> _TO DO_
There should be no pictures in your answer, only an exact copy of the lines from the one with "吴维勇在致辞中介绍了九江学院" through the end of the material.

----- COLLECTED DATA -----

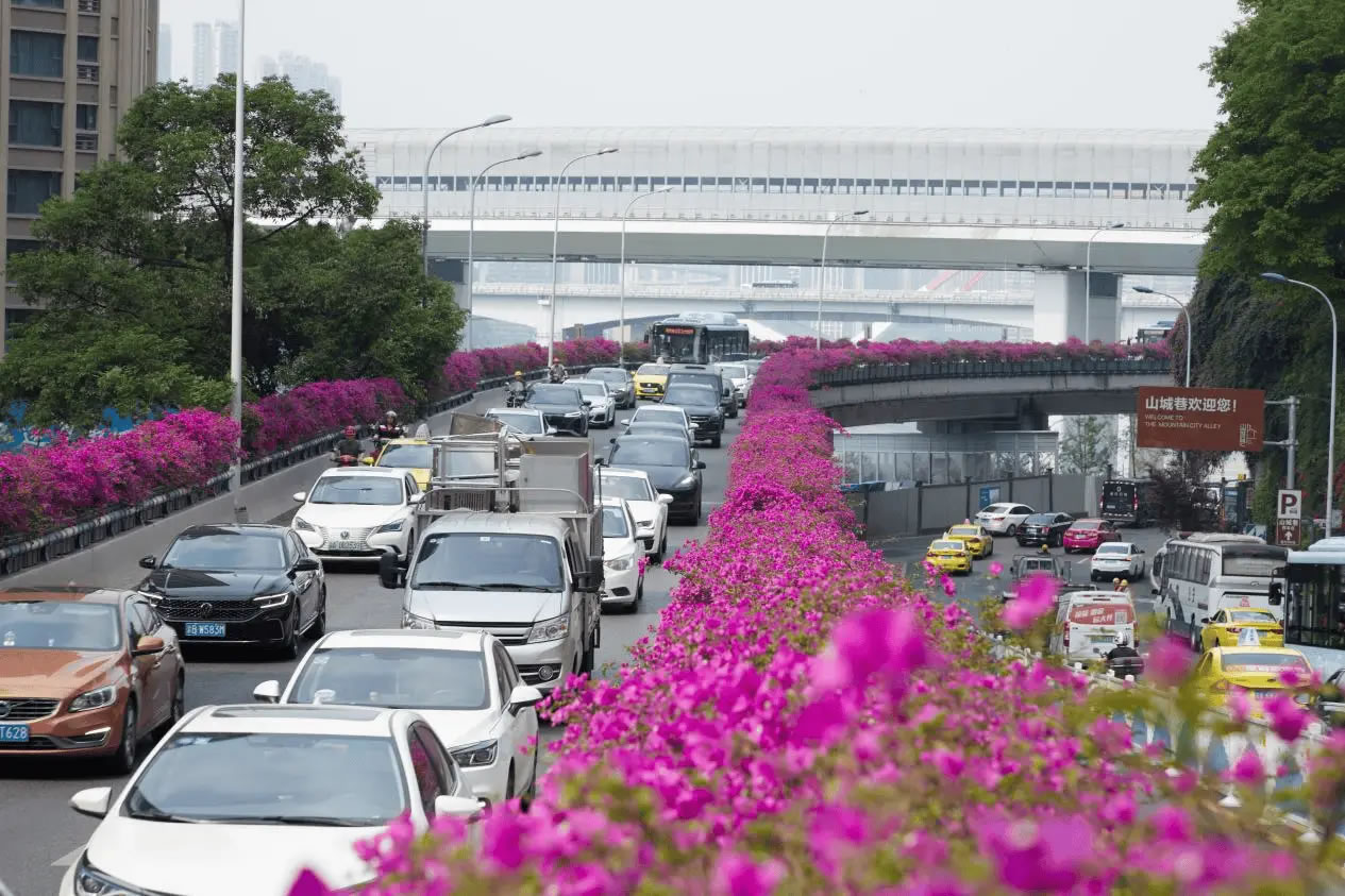 依托密集的立體交通網(wǎng)絡,渝中區(qū)聚焦立交高架、人行天橋、軌道墩柱,打造四季有綠、全年可觀的路上風景線,賦予城市交通色彩與活力。渝中區(qū)充分利用中興路高架橋兩側(cè)空間,通過鋼結(jié)構(gòu)支撐,加掛耐修剪、易養(yǎng)護的三角梅花箱,形成500米空中花廊。
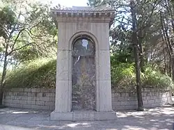 In 846, Bai Juyi died, leaving instructions for a simple burial in a grave at the monastery, with a plain style funeral, and to not have a posthumous title conferred upon him.[16] He has a tomb monument in Longmen, situated on Xiangshan across the Yi River from the Longmen cave temples in the vicinity of Luoyang, Henan. It is a circular mound of earth 4 metres (13 ft) high and 52 metres (171 ft) in circumference, with a 2.8-metre (9 ft 2 in) tall monument inscribed "Bai Juyi".
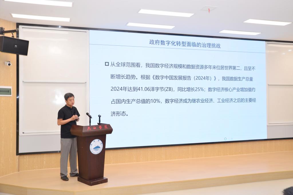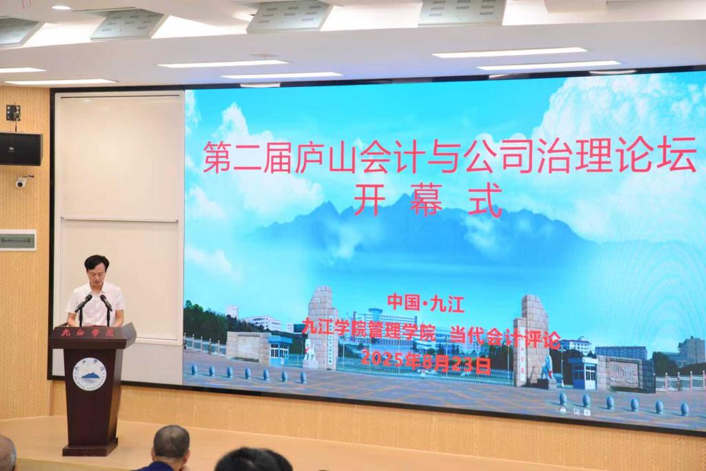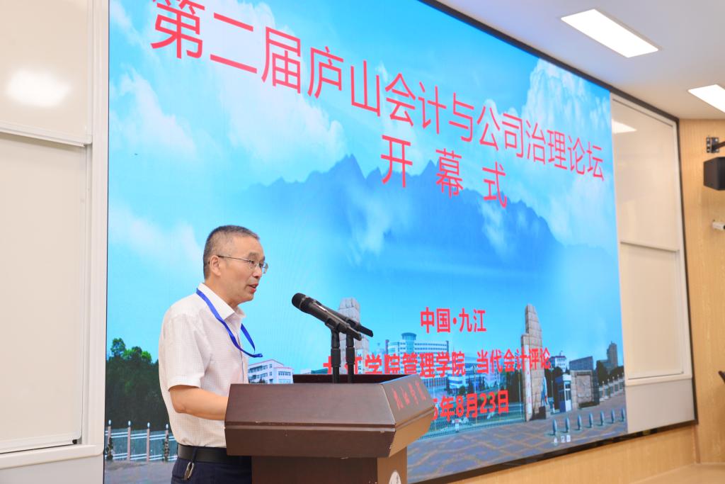 吴维勇在致辞中介绍了九江学院深厚的办学历史、显著的发展成就和管理学科的鲜明特色。他指出,本次论坛以“AI时代会计与公司治理变革,助力经济高质量发展”为主题,精准契合时代脉搏与现实需求,当前AI技术正深刻推动会计与公司治理领域的全方位重构,希望以论坛成功举办为契机,搭建起理论与实践的桥梁,凝聚技术变革共识,通过深化合作助推学科发展、服务经济高质量发展。最后,他祝愿各位专家在九江收获丰硕成果与美好体验,预祝论坛取得圆满成功。
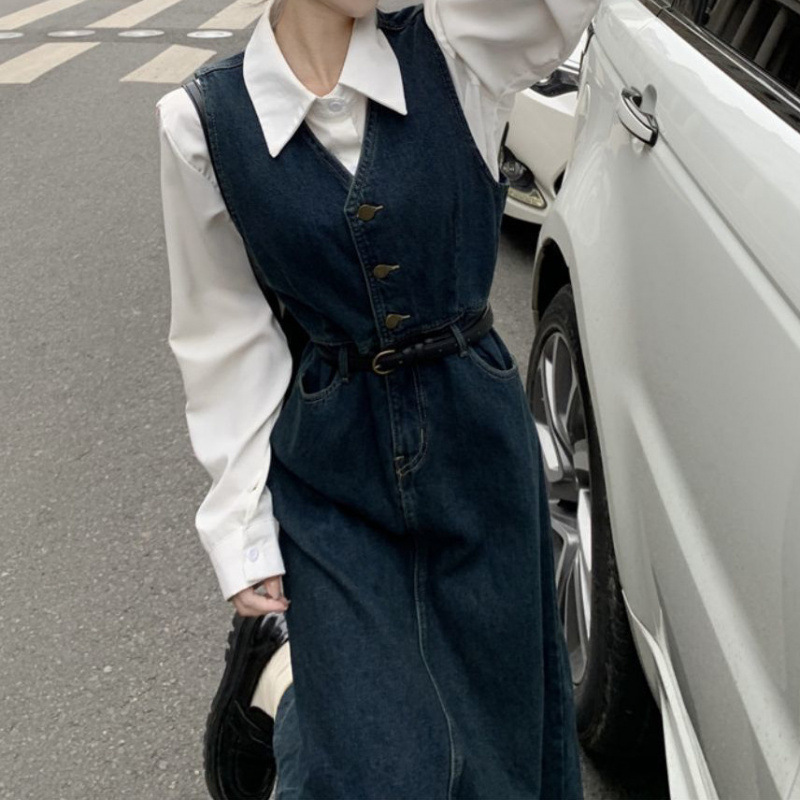 프랑스 스타일 우아한 세트 캐주얼 올 매치 화이트 셔츠 스태킹 레트로 데님 빅 원피스 봄 새로운 패션 투피스 세트스토어 가기

-----

> _REPLY_
 吴维勇在致辞中介绍了九江学院深厚的办学历史、显著的发展成就和管理学科的鲜明特色。他指出,本次论坛以“AI时代会计与公司治理变革,助力经济高质量发展”为主题,精准契合时代脉搏与现实需求,当前AI技术正深刻推动会计与公司治理领域的全方位重构,希望以论坛成功举办为契机,搭建起理论与实践的桥梁,凝聚技术变革共识,通过深化合作助推学科发展、服务经济高质量发展。最后,他祝愿各位专家在九江收获丰硕成果与美好体验,预祝论坛取得圆满成功。
 프랑스 스타일 우아한 세트 캐주얼 올 매치 화이트 셔츠 스태킹 레트로 데님 빅 원피스 봄 새로운 패션 투피스 세트스토어 가기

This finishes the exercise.